On a rainy afternoon in Madrid, John Banville, the celebrated Irish author, was in the Prado Museum searching for a Caravaggio.
The painting in question — “Ecce Homo,” or “Behold, the Man” in Latin — had a back story that was worthy of one of Banville’s novels. The work portrays Jesus before his crucifixion and for years had been attributed to a lesser-known Spanish painter’s even lesser-known student. When it surfaced at an auction house in 2021, the starting price was set at around $1,800. Acting on a hunch that things were not what they seemed, Spanish authorities scuttled the sale and sent it to experts to determine its provenance.
Behold, it was a Caravaggio worth millions.

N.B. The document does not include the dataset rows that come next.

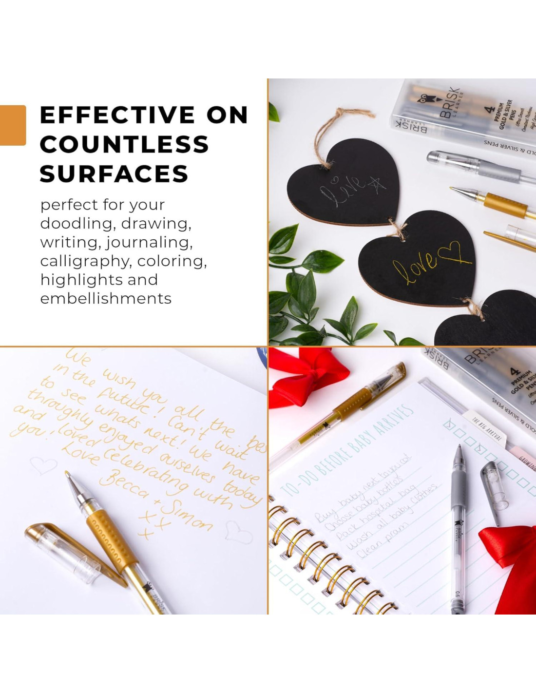 - USO INFINITO; La tinta metálica dorada y plateada de alto brillo y a base de agua no solo es excelente en papel negro/colorido. También es perfecta para tarjetas negras/coloridas, papel kraft, cartón, álbumes de recortes, tarjetas de invitación/vacaciones, sobres (de boda) y libros de invitados. Además, brilla intensamente en superficies artísticas como lápices de colores, acuarela, tinta india y marcadores de acuarela/alcohol. Perfecto para garabatear, dibujar, escribir, llevar un diario, caligrafía, colorear, resaltar y hacer álbumes de recortes.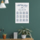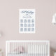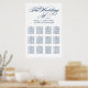 Elegant calligraphy script wedding seating chart poster design features a monogram of the bride and groom names and wedding date and custom template text for twelve (12) table numbers with guest names. Navy blue and white color scheme can be modified to coordinate with your wedding colors.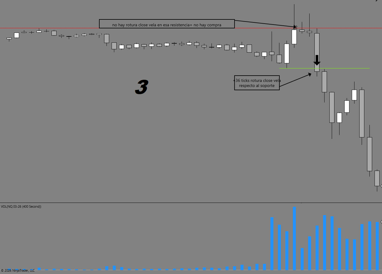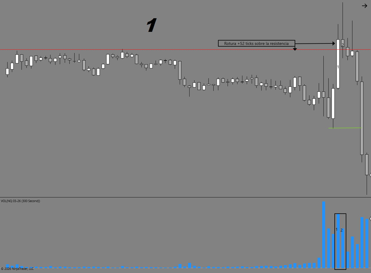 TimeFrame de 5 minutos: Vela 1 robusta rompe resistencia con 52 ticks por encima con un volumen potente, la paradoja es--> compro ? o espero ?, si compro el stop es terrible, si espero puede ocurrir que, o el precio se va sin mí o me recoja, en cualquiera de los dos escenarios, estás muerto.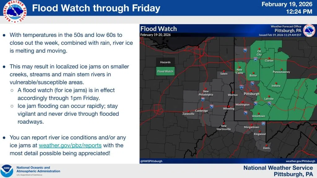 A flood watch is in place starting at 1:00 today and running through 1:00 tomorrow afternoon for Indiana, Westmoreland, Jefferson and Armstrong Counties. Excessive runoff from rain that’s expected later today and tomorrow could result in the flooding of rivers, creeks, streams and other low-lying and flood-prone areas.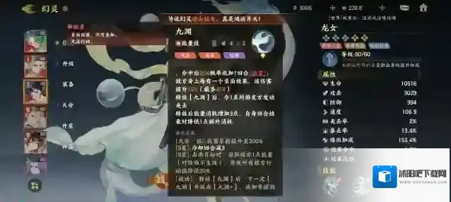 2. 西施(控制核心)–五星.七星+速度和命中套装,保证群体挂减速和推条稳定生效,配合鲲鹏形成“我方加速+敌方减速”的双重行动条压制。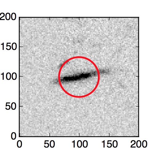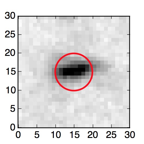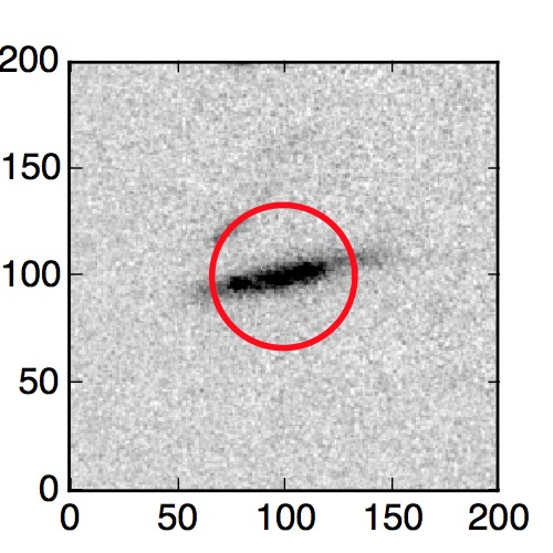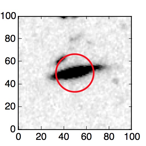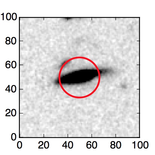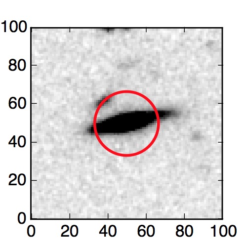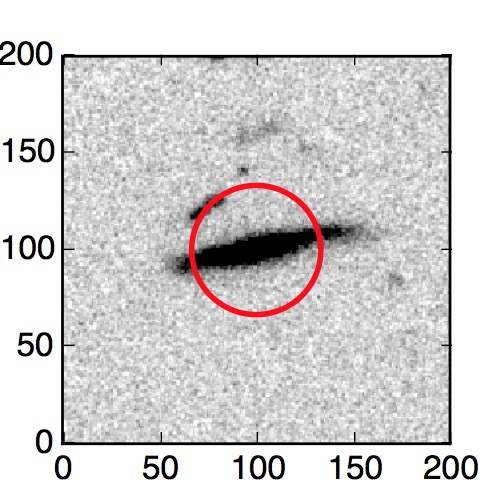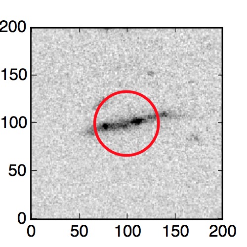 The red circle in the various panels is 1" in radius. The images are 6"x6".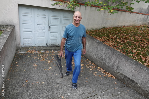 man, path, garden, rake, leaf, walking, concrete, entrance, tree, blue, shirt, pant, fall, season, gardening, activity, adult, sunlight, leisure, casual attire, step, nature, scenery, exercise, senior, male, tool, backyard, landscape, trail, home, work, community, fresh, air, neighbourhood, environment, landscaping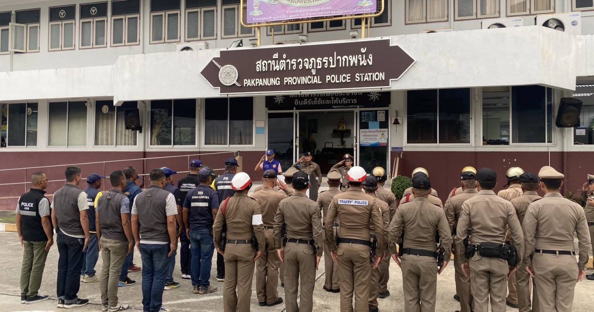 วันที่ 26 พฤษภาคม 2568 เวลา 17.00 น. ภายใต้การอำนวยการของ พล.ต.ต.จารุต ศรุตยาพร ผบก.ภ.จว.นครศรีธรรมราช มอบหมายให้ พ.ต.อ.นัษฐวุฒิ ทองทิพย์ รอง ผบก.ภ.จว.นครศรีธรรมราช ได้เดินทางมาตรวจเยี่ยม สภ.ปากพนัง และ เป็นประธานในการปล่อยแถวระดมกวาดล้างอาชญากรรม ประจำเดือน พ.ค.68 โดยมี พ.ต.ท.สมนึก คงวัดใหม่ รอง ผกก.ป.ฯ , พ.ต.ท.อำพล ชูเมือง สว.สส.ฯ,พ.ต.ท.สมชาย เครือวัลย์ สว.อก.ฯ พร้อมด้วยข้าราชการตำรวจสภ.ปากพนัง, หน่วยข้างเคียงในพื้นที่ประกอบด้วย,ฝ่ายปกครอง, หน่วยกู้ชีพ และอาสาสมัคร เข้าร่วมในพิธีปล่อยแถวโดยพร้อมเพรียงกัน ณ หน้าที่ทำการ สภ.ปากพนัง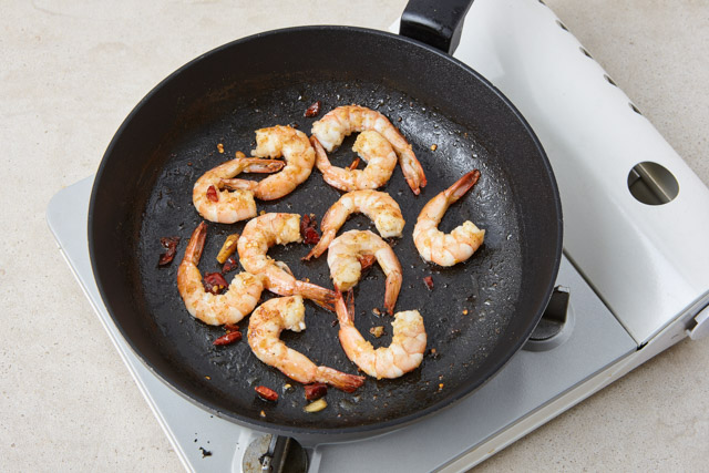 후라이팬에 약간의 올리브유를 두르고 새우를 굽는다.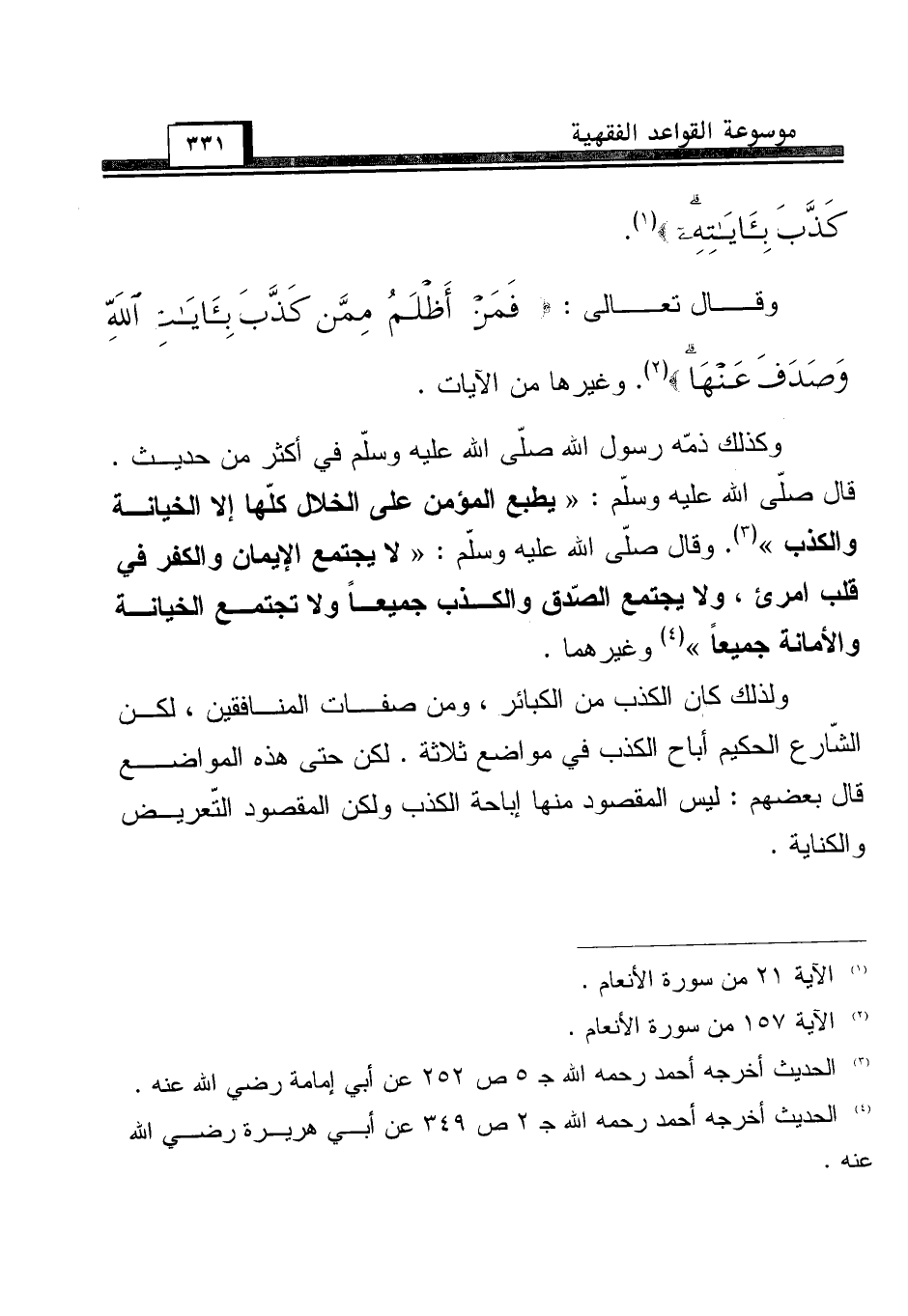 وكذلك ذمّه رسول الله صلّى الله عليه وسلّم في أكثر من حديث. قال صلّى الله عليه وسلّم: "يطبع المؤمن على الخلال كلّها إلا الخيانة والكذب" (¬3). وقال صلّى الله عليه وسلّم: "لا يجتمع الإيمان والكفر في قلب امرئ، ولا يجتمع الصّدق والكذب جميعاً ولا تجتمع الخيانة والأمانة جميعاً" (¬4) وغيرهما.

But as Banville walked, he kept getting distracted from his search: Down one grand hall was a row of paintings of Spanish Habsburg royals, seated on horseback. Around another corner was a canvas by Diego Velázquez of the Greek god Bacchus doling out wine to a group of buddies, as one of them looked out at the viewer. “He looks like an Irishman at a feast,” Banville said. “‘More drink!’”
Banville’s presence at the Prado is part of an experiment: Since last year, the Prado has been bringing novelists to live in an apartment overlooking the museum. They stay for periods ranging from three to six weeks, but they are not expected to write there. All they have to do is look at the art — and, the curators hope, draw inspiration from what they see.
So far, the South African novelist J.M. Coetzee and the Polish fiction writer Olga Tokarczuk — both Nobel Prize winners — have come to the Prado, along with the Anglo Mexican writer Chloe Aridjis, and Banville, who arrived this fall. The project is called “Writing the Prado,” and is funded by the Loewe Foundation, the charitable arm of the Spanish fashion house.
Paintings and poems share a long history — ut pictura poesis, said the Romans, “as is painting, so is poetry.” W.H. Auden’s poem “Musée des Beaux Arts” is a tale about life’s unnoticed calamities; it describes a painting by Pieter Bruegel the Elder where the Greek Icarus is seen crashing from the sky as others go about their day. Anne Sexton wrote a poem about Van Gogh’s “Starry Night.”
“There’s nothing new about painting and poetry,” said Valerie Miles, the editor of the Spanish edition of the literary magazine Granta who heads the selection committee for the residency. “But painting and narrative, that’s a different story.”
And this is where the second part of the experiment begins: Upon returning home, each writer is asked to create a work of fiction using the museum or its paintings as a point of departure.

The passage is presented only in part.